Suspended by diffuser
Use Diffusers Image Outpaint Diffusers Stable Diffusion XL Fill Pipeline with SDXL Union Controlnet to seamlessly expand input images.
Live portrait, face pork
Adding imitation to static portraits was not easy in live portrait and face pork.
Trellis
Trellis is a 3D generation model for creating versatile and high quality 3D assets that inherited a large amount of 3D landscape.
IC Light
IC-LIGHT, which means “consistent light,” is a tool for learning in the foreground state.
What do you need to expect from 2025 AI & Art?

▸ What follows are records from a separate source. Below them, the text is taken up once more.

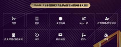 报告显示,2016年-2017年中国品牌的销售额增速比国外品牌高7%,销售量增速比国外品牌高1%,销售额增速比销量更高,说明2016年-2017年中国品牌商品的平均单价得到提升,中国品牌持续推进着高品质之路。在母婴、文化、家居、健康类等生活品质相关的类别上,中国品牌销售规模增长也十分显著,说明中国品牌的品质正在受到越来越多消费者的认可。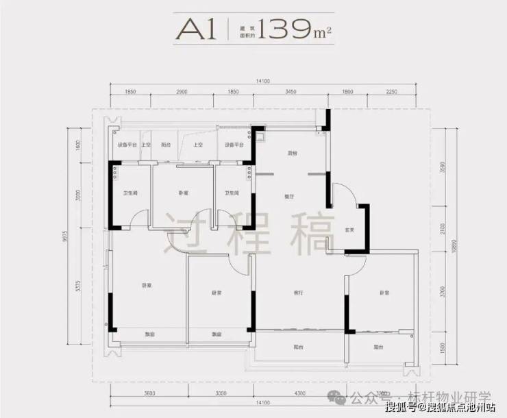 2)139方A1南厅户型,4房2厅2卫,得房率86%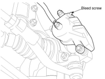 3. Loosen the right-rear brake bleed screw to allow air to escape from the system. Then tighten the bleed screw securely.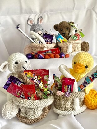 These delightful characters and baskets are knitted flat on two needles. There are two basket designs to choose from. The character measures approximately 6 inches/15cm, the basket is approximately 4 inches/10cm (not including the handle) and are 4 inches/10cm diameter across the bottom of the basket.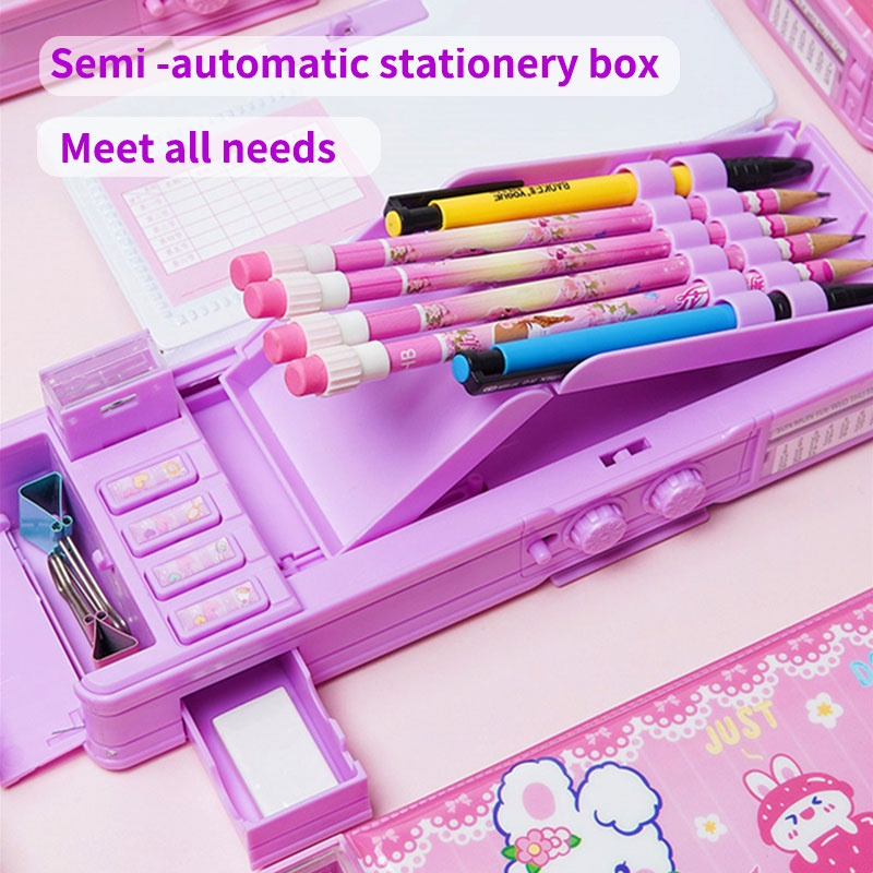 Semi Automatic Stationery Pencil Case Box Function Gel Pen Holder With Combination Lock For Girls LE

2025 is the year that open source is the year when video, movement, and audio models catch up, creating more modalities. With the efficient computing and quantization advances, you can expect a big leap in the open source video model. As you approach the (natural) plateau with an image generation model, you can focus on other tasks and modalities.
Strong start -Open source release on January 25
A series of open source music foundation models for the production of yue-full song. YUE is probably an open source model that is probably optimal for music generation (with apache 2.0 license!) And achieves the competition results of closed source models like SUNO.
Try and read more: Demonstration, model weight.
Hunyuan 3D -2, Spar3D, Diffsplat -3D generation model. The 3D model is hot to take over the 3D landscape shortly after the release of Trellis, Hunyuan 3D -2, Spar3D, and Diffsplat.
Try it and read more:
LUMINA -IMAGE 2.0 -Image model from text. Lumina is a 2B parameter model that competes with 8b Flux.1dev and Apache 2.0 license (!!).
Try and read more: Demonstration, model weight.
Comfyui-to-gradio- How to convert complex Comfyui workflow into an easy gradation application, and how to embrace this application in the face space. Please see here for free in the serverless method.
Newsletter announcement 🗞️
After kicking off on this blog, we (POLI & LINOY) will deliver the latest one in the world of creative AI. In such a rapid evolving space, it is difficult to always understand all new developments. That’s where we come in.